◆ Work instruction
Range to copy from the entries below: the line containing "1033 - أَخْبَرَنَا" through the line containing "93菊花一角开盒一个,币非常亮,690元一盒", inclusive. Retype only those lines, exactly, without any images.

◆ Data shown

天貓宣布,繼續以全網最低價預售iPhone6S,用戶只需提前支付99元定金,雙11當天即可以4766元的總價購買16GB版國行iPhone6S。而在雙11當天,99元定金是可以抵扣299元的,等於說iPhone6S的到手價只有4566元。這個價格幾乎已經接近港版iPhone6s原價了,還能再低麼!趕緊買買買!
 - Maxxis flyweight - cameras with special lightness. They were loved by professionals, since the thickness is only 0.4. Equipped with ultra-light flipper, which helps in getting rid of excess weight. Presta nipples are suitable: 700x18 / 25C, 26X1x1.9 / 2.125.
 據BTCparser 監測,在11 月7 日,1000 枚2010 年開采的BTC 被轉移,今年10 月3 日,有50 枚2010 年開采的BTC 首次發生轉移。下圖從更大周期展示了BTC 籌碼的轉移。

==

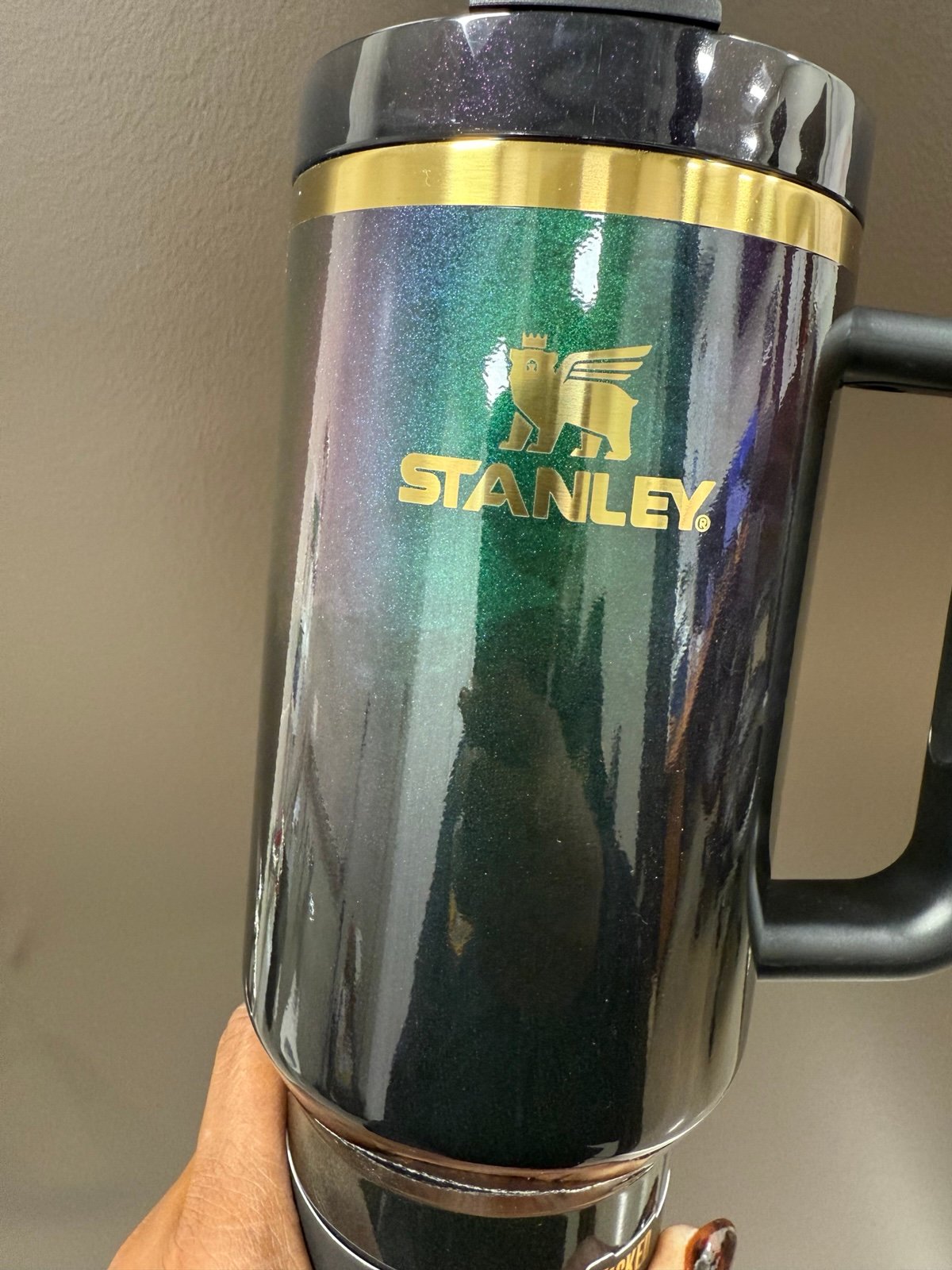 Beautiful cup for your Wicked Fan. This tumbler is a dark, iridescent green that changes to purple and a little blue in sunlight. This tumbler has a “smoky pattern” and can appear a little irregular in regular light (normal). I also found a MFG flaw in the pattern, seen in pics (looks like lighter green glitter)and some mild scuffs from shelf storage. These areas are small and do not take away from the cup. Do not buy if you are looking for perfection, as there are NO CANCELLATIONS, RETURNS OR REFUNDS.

---

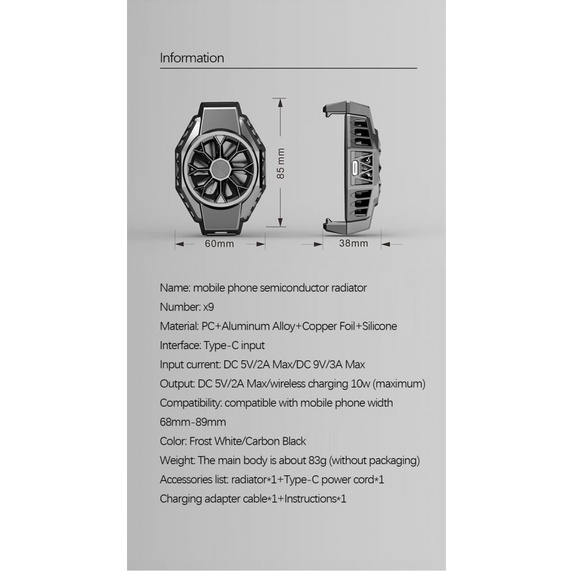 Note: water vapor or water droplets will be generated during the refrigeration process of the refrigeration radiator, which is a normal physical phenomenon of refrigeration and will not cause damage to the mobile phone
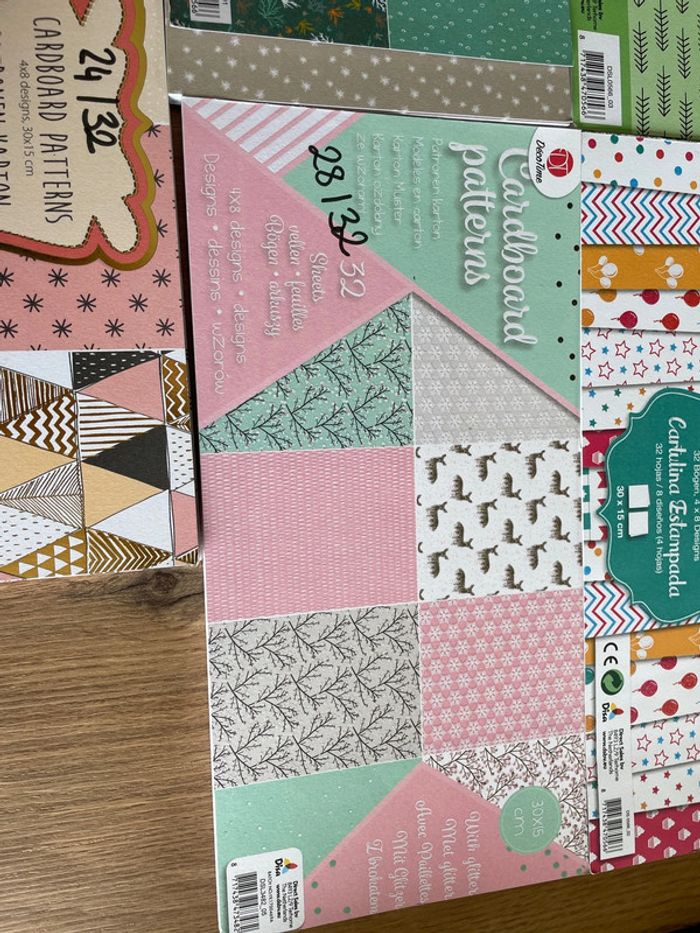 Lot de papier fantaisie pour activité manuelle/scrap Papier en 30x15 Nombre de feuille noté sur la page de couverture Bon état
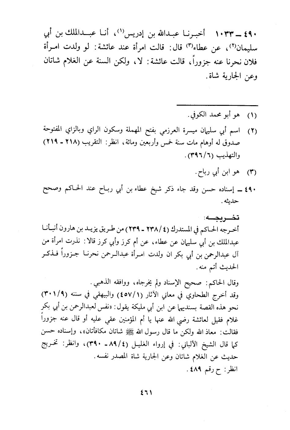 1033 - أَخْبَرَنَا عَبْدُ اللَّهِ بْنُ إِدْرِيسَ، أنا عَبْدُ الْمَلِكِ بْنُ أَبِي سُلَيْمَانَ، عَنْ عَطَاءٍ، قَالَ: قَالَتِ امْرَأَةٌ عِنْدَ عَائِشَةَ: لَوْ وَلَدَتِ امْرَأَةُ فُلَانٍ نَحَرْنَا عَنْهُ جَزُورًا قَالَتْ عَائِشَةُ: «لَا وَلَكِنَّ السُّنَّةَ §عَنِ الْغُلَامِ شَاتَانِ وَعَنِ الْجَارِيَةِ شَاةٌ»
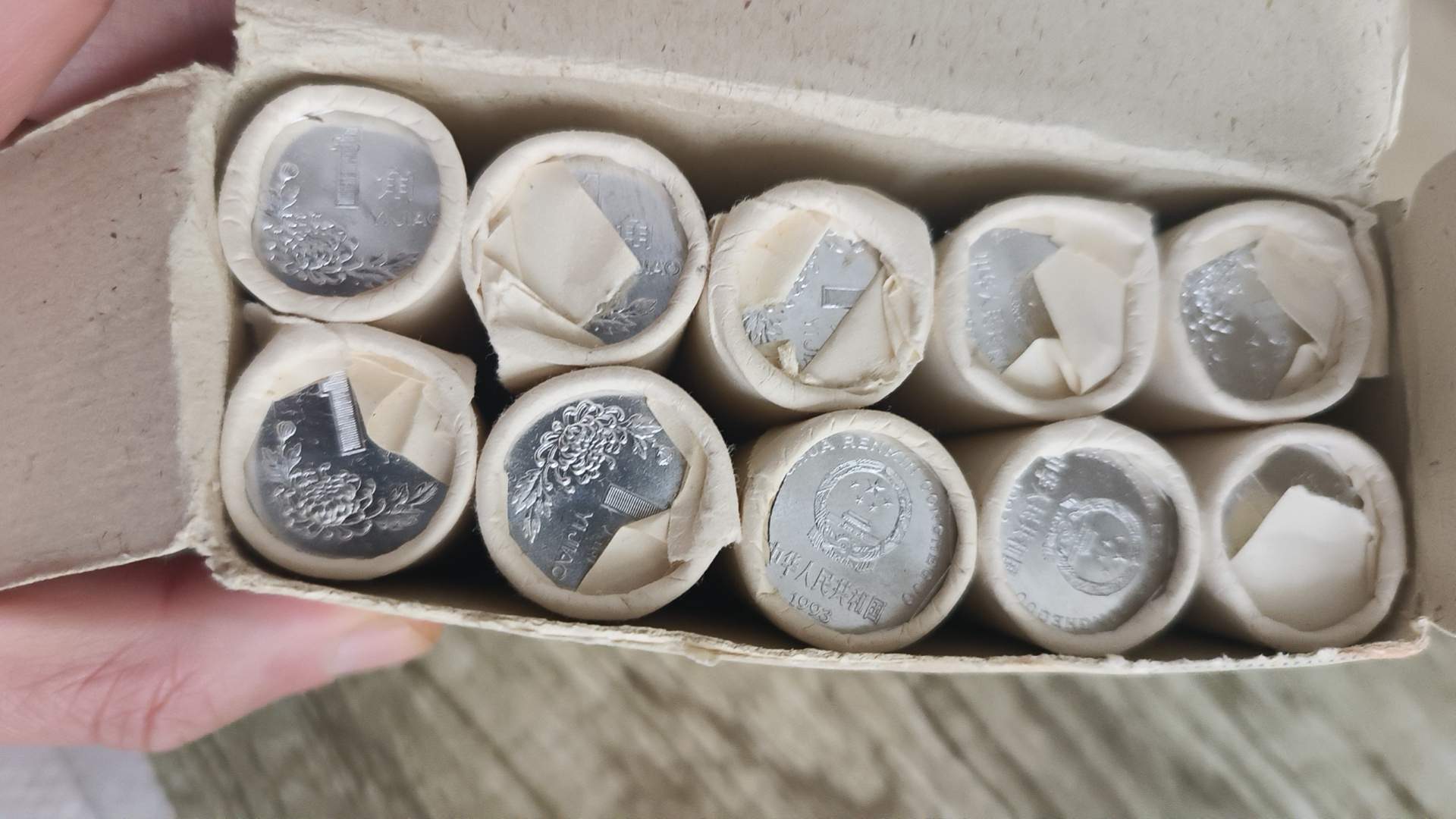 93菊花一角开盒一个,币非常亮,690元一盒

◆ Finished task
 1033 - أَخْبَرَنَا عَبْدُ اللَّهِ بْنُ إِدْرِيسَ، أنا عَبْدُ الْمَلِكِ بْنُ أَبِي سُلَيْمَانَ، عَنْ عَطَاءٍ، قَالَ: قَالَتِ امْرَأَةٌ عِنْدَ عَائِشَةَ: لَوْ وَلَدَتِ امْرَأَةُ فُلَانٍ نَحَرْنَا عَنْهُ جَزُورًا قَالَتْ عَائِشَةُ: «لَا وَلَكِنَّ السُّنَّةَ §عَنِ الْغُلَامِ شَاتَانِ وَعَنِ الْجَارِيَةِ شَاةٌ»
 93菊花一角开盒一个,币非常亮,690元一盒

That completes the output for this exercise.